Our CDFG model also supports memory operations, e.g., load (ld) and store (st). A special control edge, called SC, is added between load (store) and the corresponding store (load), if necessary, to ensure correct memory access sequence.

With the above special nodes, high-level synthesis tasks can be performed in a much more efficient way. For example, the tool can easily recognize the start/end of a loop, as well as the range of the loop, with help from SLP, BLP and ELP nodes. Without them, to perform the same set of tasks, complicated techniques like pattern matching may need to be employed.

3. HIGH-LEVEL SYNTHESIS

In this section, we present the overall methodology and algorithmic details of our high-level synthesis system.

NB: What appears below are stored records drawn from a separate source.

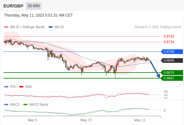 欧元/英镑 当日内: 逐渐下跌,当 0.8709 阻碍上行,则 0.8667 为目标位。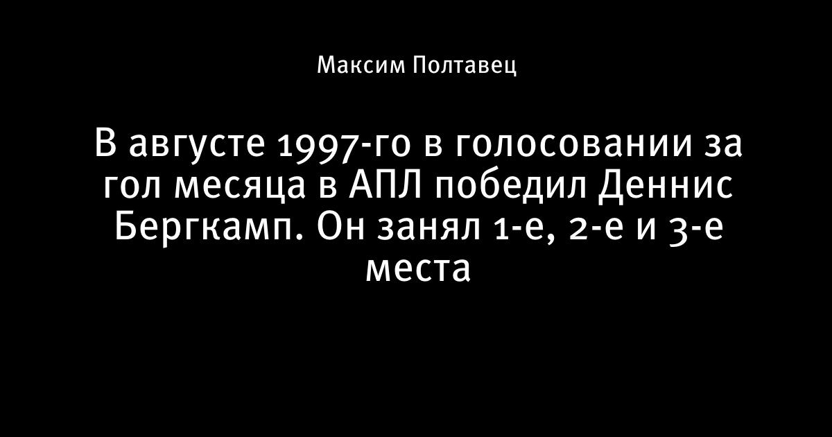 В августе 1997-го в голосовании за гол месяца в АПЛ победил Деннис Бергкамп. Он занял 1-е, 2-е и 3-е места
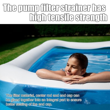 Høykvalitets vannfilter: Filterpatronens sil har gode mekaniske egenskaper og tåler ulike temperaturer og sollys godt. Pumpefiltersilen har høy strekkfasthet. Filtermaterialet, senterstangen og endestykket kan limes sammen til en integrert del for å sikre bedre tetting av endestykket.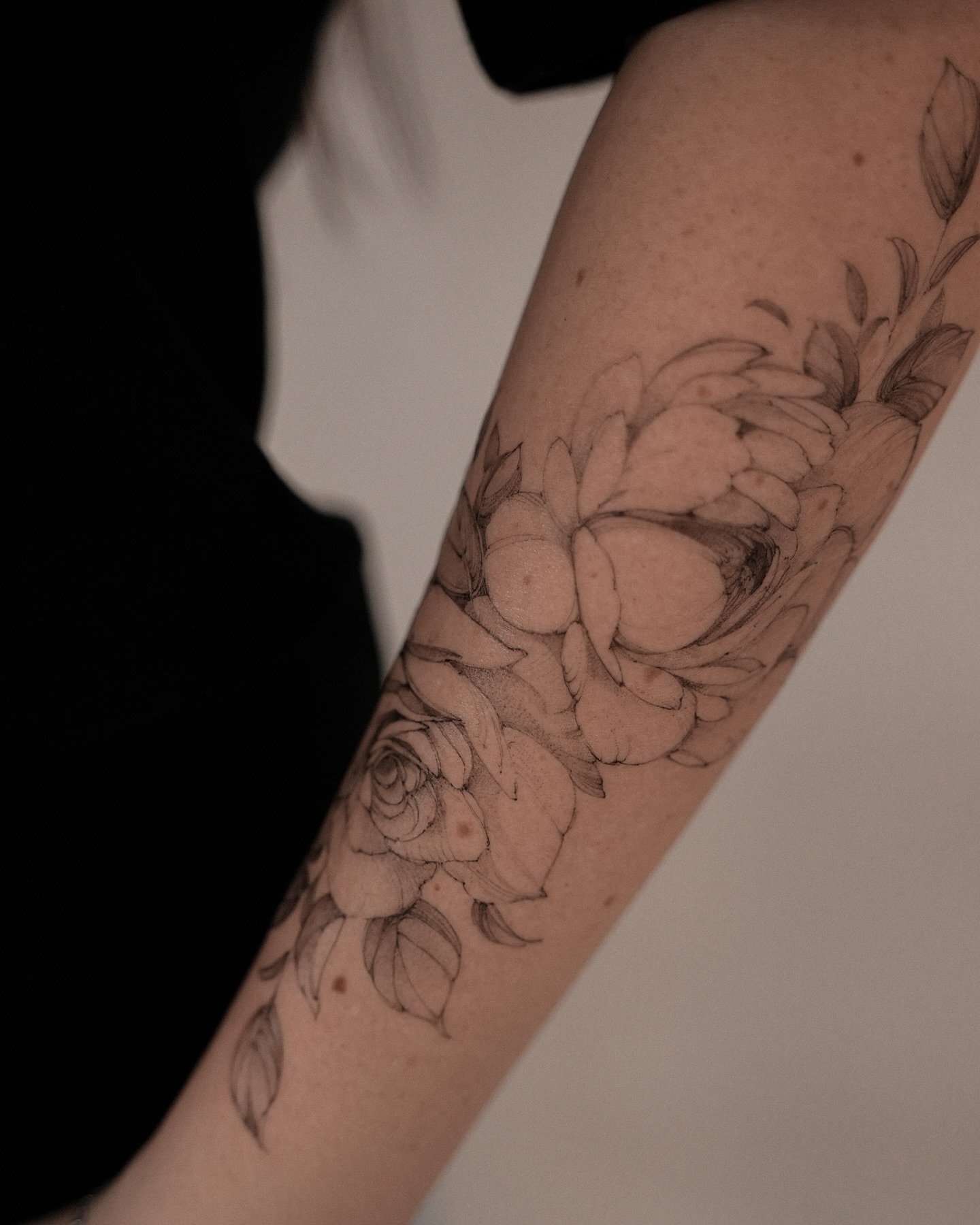 L'un des aspects uniques d’un tatouage de pivoine est la diversité des variantes, permettant d’exprimer un style individuel.

Figure 1: An overview of our high-level synthesis algorithm: (a) overall algorithm flow, and (b) iterative improvement algorithm

Figure 1(a) presents the overall flow of our high-level synthesis system. The first few steps are quite straightforward. The input behavioral description (CDFG) is parsed and read into the memory. The CDFG is preprocessed by unrolling the loops in the CDFG, whenever necessary. An initial architecture is then obtained, assuming infinite number of resources for the behavior. The following steps present the outline of our synthesis algorithm, which is described in more detail in Section 3.2. The outside loop is for resource allocation. For each resource allocation, multiple clock periods are selected and evaluated. Therefore, various promising combinations of resource allocation and clock periods are selected and used in the iterative improvement step. If the resource allocation is fixed in the form of a resource constraint, as may be the case for control-flow intensive behaviors, the algorithm just works within this constraint. The cost function is evaluated and the combination of resource allocation and clock period with the best cost is saved. Finally, the datapath as well as the controller are generated and the RTL circuit output in Verilog.
3.1 Scheduling

The schedule is represented as an STG. The scheduler takes a CDFG as an input and generates an STG as the scheduling result. An STG is a directed cyclic graph consisting of nodes and arcs representing states and transitions between states, respectively. Note that multicycling and resource constraints are supported in our scheduling algorithm. Figure 2 gives its pseudo-code. The inputs to the algorithm are a CDFG, $G$, and the resource constraint, $RES$. The scheduling result is stored in the STG. A queue, $State\_queue$, is employed to hold the states that need to be processed. An array, $indegrees$, is used to represent the number of input dependencies for each operation. For example, suppose operation $OP$, has two input edges, $in1$ and $in2$, and no control edges. Initially, its indegree is 2. If the operation, whose output edge is $in1$, has been scheduled, implying availability of $in1$, $OP$’s indegree is reduced to 1. If both $in1$ and $in2$ are available, its indegree is reduced to 0, indicating that $OP$ is ready to be scheduled. In our scheduling algorithm, we first identify the initial operations, whose initial indegrees are 0. The initial operations are scheduled in the first state, $S0$, which is put into $State\_queue$, as well as the STG. Next, we dequeue $State\_queue$ into state. The potential branches out of state are explored to find the corresponding successors. Under each branch, we mark the output edges of the operations, which finish their execution in state, as ready, and update $indegrees$. $FIND\_SCHED\_OP()$ selects the schedulable operations, whose input edges are available and control conditions are satisfied under the branch, and puts them in $Optlist$. Note that in function $FIND\_SCHED\_OP()$, multicycling and the resource constraint are also taken into consideration. The schedulable operations are selected in a way that the resource constraint is not violated, and the continuity of multicycle operations is ensured. If $Optlist$ is not empty, i.e., there are successors in this branch, a new state and corresponding arcs are generated. This process is repeated until the $State\_queue$ is empty.

3.2 Synthesis Algorithm

In this section, we present more details of the synthesis algorithm. In our high-level synthesis system, the cost function can be either area, power, or energy. The algorithm performs resource allocation, clock selection, module binding, register binding, etc. Iterative improvement, as shown in Figure 1(b), is at the core of our synthesis algorithm.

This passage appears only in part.